Safeguard
Vulnerabilities

CVE-2022-31129: The Day.js ReDoS Vulnerability, Explained

CVE-2022-31129 is a regular expression denial of service in Day.js's custom parse format handling. Here's what triggered it, why it's still showing up in scans, and how it was fixed.

Safeguard Research Team
Research
5 min read

CVE-2022-31129 is a regular expression denial of service (ReDoS) vulnerability in Day.js, the lightweight date library many teams adopted specifically as a smaller alternative to Moment.js. The bug lives in the custom parse format handling, when Day.js parses a date string against a user-supplied format pattern, certain crafted input strings cause the underlying regular expression engine to take catastrophically long to evaluate, effectively locking up the event loop in a single-threaded Node.js process.

What was the vulnerable code path?

Day.js supports parsing dates against a custom format string, similar to Moment's moment(dateString, format) API:

dayjs(userSuppliedString, "YYYY-MM-DD HH:mm:ss")

Internally, versions of Day.js before the fix built a regular expression from the format string to match against the input, and that generated regex contained a pattern vulnerable to catastrophic backtracking under specific crafted inputs. Because JavaScript's regex engine is single-threaded and blocking, an input string engineered to maximize backtracking could pin the CPU on a single request, and enough concurrent requests hitting the vulnerable parse path could take down an entire Node.js process.

Why does this matter more than it sounds like it should?

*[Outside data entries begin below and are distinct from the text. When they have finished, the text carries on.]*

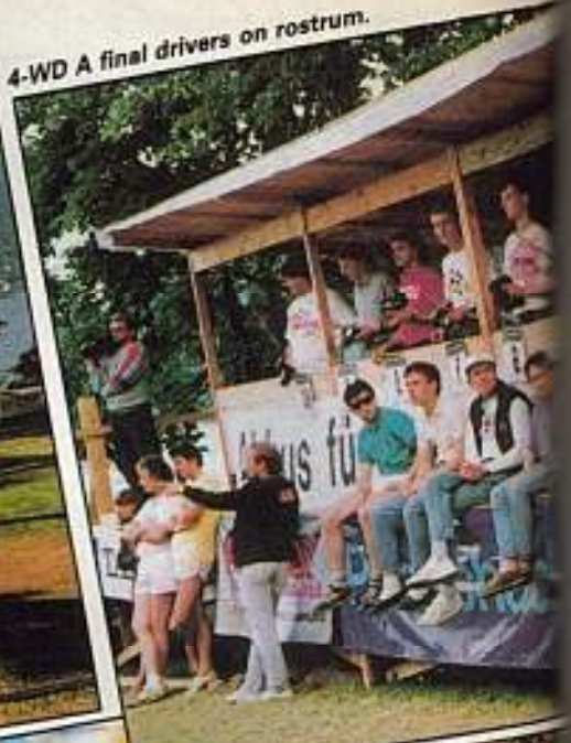
4-WD A final drivers on rostrum.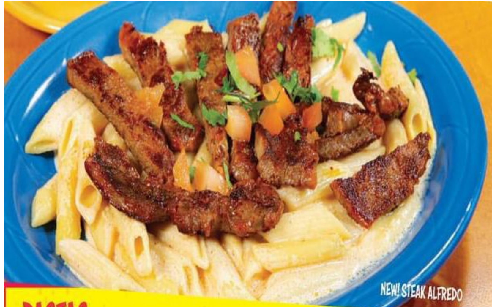
NEW! STEAK ALFREDO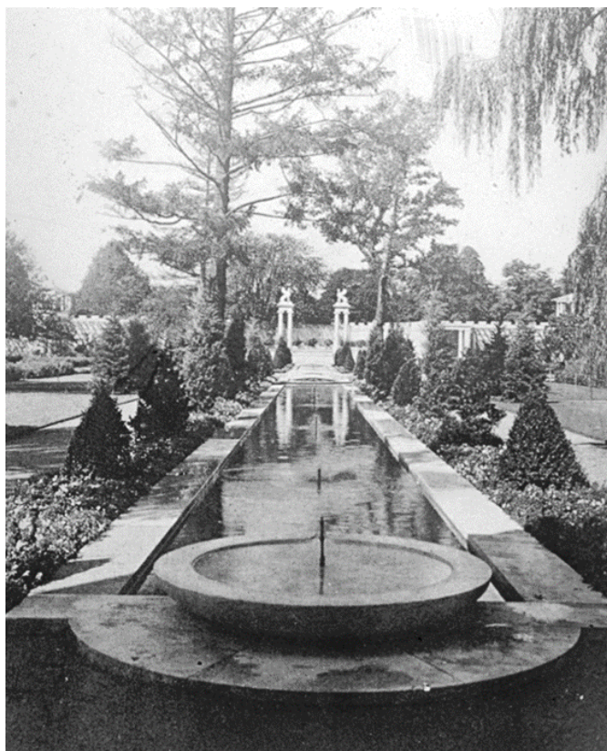
Partial view of Untermeyer's gardens, c.1940

After the gardens at Greystone were established, as many as sixty gardeners were employed for their upkeep. These gardeners gained the expertise that was later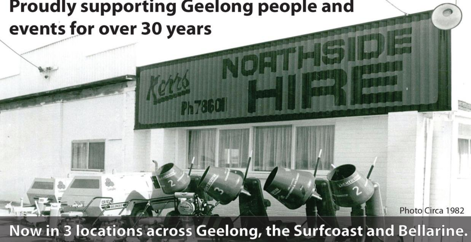
Photo Circa 1982

Proudly supporting Geelong people and events for over 30 years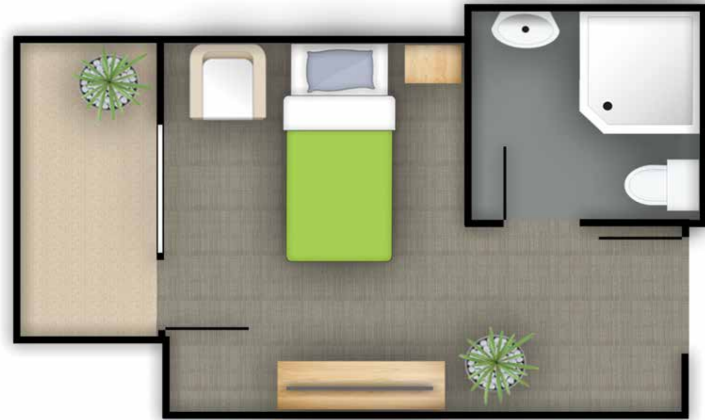
Private, suite Typical

Date parsing looks like a low-risk corner of an application, but ReDoS bugs in date and string-parsing libraries are dangerous precisely because the vulnerable code path is often reachable directly from unauthenticated user input, form fields, query parameters, API payloads that include a date string, with no additional exploitation complexity required. There's no need to chain the bug with anything else; a single crafted string sent to an endpoint that parses it with a vulnerable format is enough to cause a denial of service.

Day.js's popularity amplifies the blast radius. It was adopted widely as the lighter-weight Moment.js replacement, and by the time this CVE was disclosed it was already a dependency, often a transitive one, in a large number of Node.js and frontend projects. That's the recurring pattern with ReDoS in widely used utility libraries: the vulnerability itself is narrow, but the reach is enormous because so much code calls into it without anyone tracking that a date-parsing call is a potential denial-of-service surface.

How was CVE-2022-31129 actually fixed?

The maintainers patched the custom parse plugin to change how the format string was translated into a regular expression, removing the specific backtracking-prone construction. The fix shipped in Day.js 1.11.5. If you're running an older 1.11.x release, or anything before 1.11.5, and you use the customParseFormat plugin with user-controlled input, you're exposed. Projects that only use Day.js's default ISO-8601 parsing without the custom format plugin were not affected by this specific path, which is a useful distinction when triaging whether the CVE actually applies to your usage.

How do you check if you're affected?

Start with your lockfile. Running npm ls dayjs (or the equivalent for yarn or pnpm) will show you the resolved version and whether it's a direct or transitive dependency; transitive is the more common and more easily missed case, where a UI component library or a form validation package pulls in Day.js under the hood. Confirm the resolved version is 1.11.5 or later.

Beyond the version check, look at whether your code actually calls dayjs(input, format) with a format string, on input that comes from outside your trust boundary. If your only usage is parsing ISO date strings you generated yourself, the practical exploitability is much lower even on a vulnerable version, though upgrading costs nothing and removes the question entirely.

This is also a good example of why dependency scanning needs to go past "is this package listed as vulnerable" and toward reachability: a vulnerable version of Day.js sitting in node_modules because some unrelated package depends on it, without your code ever calling the vulnerable parse path with untrusted input, is a very different risk than the same version reachable from an internet-facing form. A software composition analysis tool that can distinguish those two cases saves a lot of unnecessary urgency.

FAQ

What CVSS score does CVE-2022-31129 carry?

It's generally tracked around CVSS 7.5 (High), reflecting the network-reachable, no-authentication-required denial-of-service impact, with no confidentiality or integrity loss since it's purely an availability bug.

Does upgrading Day.js break existing date-parsing behavior?

The 1.11.5 fix changed internal regex construction, not the public parsing API, so for the vast majority of projects the upgrade is a drop-in fix with no behavior change to valid, well-formed date inputs.

Are other date libraries vulnerable to the same class of bug?

Yes. ReDoS has appeared in Moment.js, and in various validation and parsing libraries across the JavaScript ecosystem, because hand-rolled regex-based parsers are a common source of catastrophic backtracking bugs. It's a pattern worth checking for in any library that builds regexes from configurable input.

How urgently should teams patch this?

Treat it as a standard high-priority dependency update if customParseFormat is used with untrusted input reachable from the network; there's no reason to delay given the trivial, drop-in fix and the low cost of testing a patch-level version bump.